Il Patto, infatti, prevede che ogni euro di maggior gettito deve andare a riduzione del deficit, e non può essere utilizzato per aumentare la spesa. L’Italia, al contrario, con il decreto di luglio lo ha utilizzato per aumentare gli investimenti pubblici (altrimenti i cantieri erano fermi, la manovra del 2007 non li aveva rifinanziati) e per far crescere le pensioni minime. Il costo complessivo dell’operazione, 6 miliardi, ha fatto lievitare il rapporto deficit/Pil dal 2,1% previsto, al 2,5%. Insomma, l’Italia non ha ridotto il deficit per accelerare il pareggio di bilancio, ma lo ha aumentato. Tra l’altro, il Patto prevede eventuali sforamenti degli obbiettivi di deficit programmato; ma solo in caso di cattiva congiuntura economica. Ed una crescita dell’1,8% del Pil, quale sarà quella italiana quest’anno, non rientra nella fattispecie.
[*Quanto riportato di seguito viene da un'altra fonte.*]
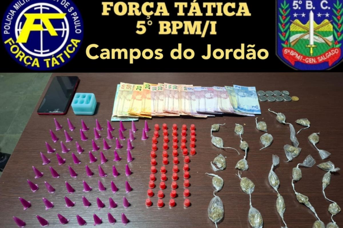 Um homem foi preso em flagrante por tráfico de drogas em Campos do Jordão na noite de terça-feira (6).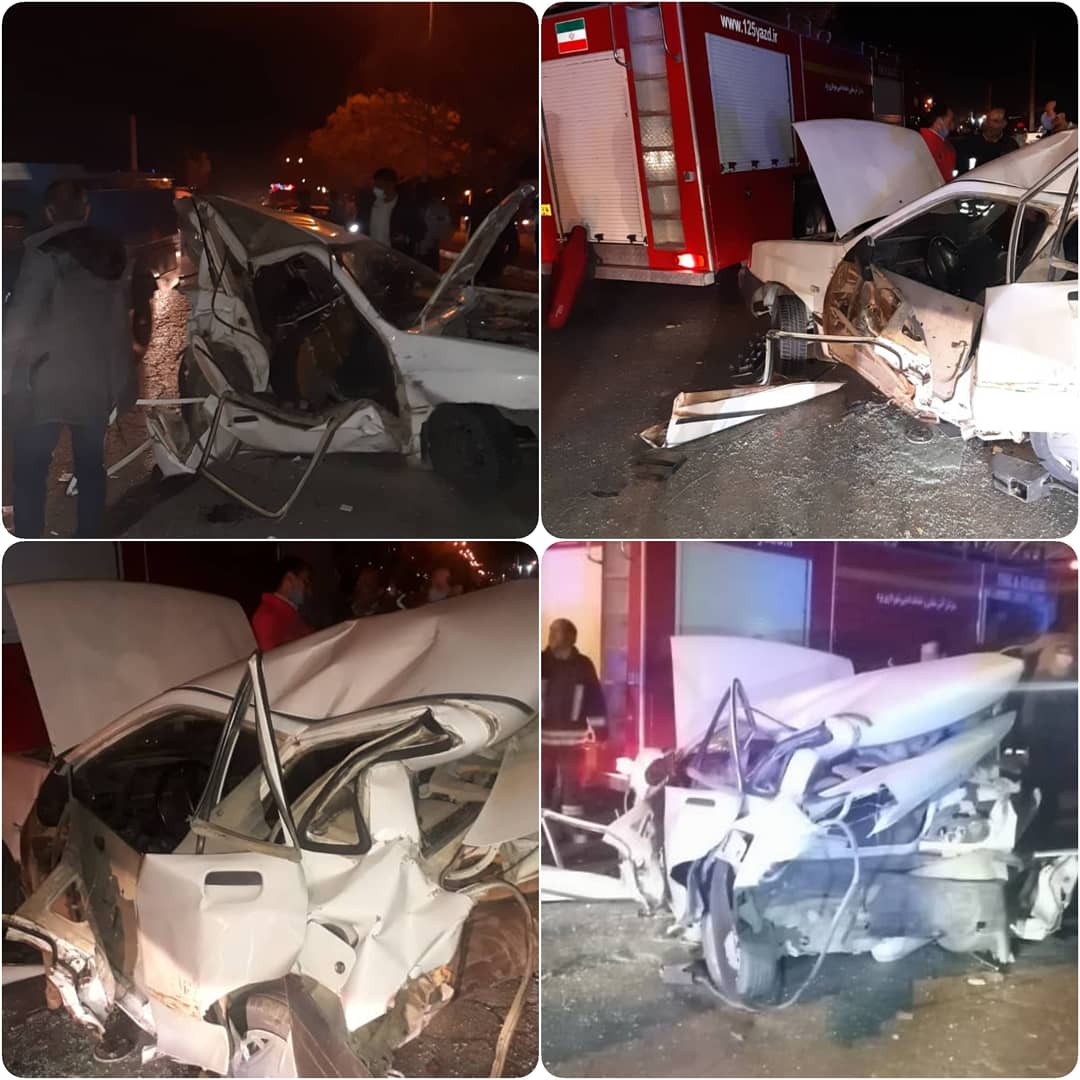 به گزارش روابط عمومی سازمان آتش نشانی و خدمات ایمنی یزد طی گزارشی از سوی شهروندان به سامانه 125 و اطلاع تصادف شدید پژو ۲۰۶ و پراید و محبوس شدن سرنشینان آن  در بلوار استقلال حوالی میدان شهدای نصرآباد در ساعت ۲۱:۳۶ مورخ ۲۳ بهمن  بلافاصله نجاتگران ایستگاه ۵،۳و ۸ به محل اعزام شدند.

La terza critica, figlia delle due precedenti, è quella su cui si concentrano le critiche di Trichet ed Almunia. Il rinvio dal 2010 al 2011 del pareggio di bilancio. Nei giorni scorsi, il commissario europeo (ma anche il presidente della Bce, ex collega di Padoa-Schioppa) hanno più volte ricordato al titolare dell’Economia quali sono gli impegni assunti dal governo in sede europea. E che simili accordi non possono essere cambiati in corso d’opera solo perché anche la Francia di Sarkozy conta di rinviare di un anno l’azzeramento del deficit. Tenuto soprattutto conto che Parigi non ha un livello del debito analogo a quello italiano.


Fra l’altro sia a Bruxelles sia a Francoforte sanno perfettamente che il 2011 è per l’Italia un anno elettorale (finisce la legislatura) e sono scettici sulla capacità del governo di non allentare i cordoni della borsa «per qualche voto in più».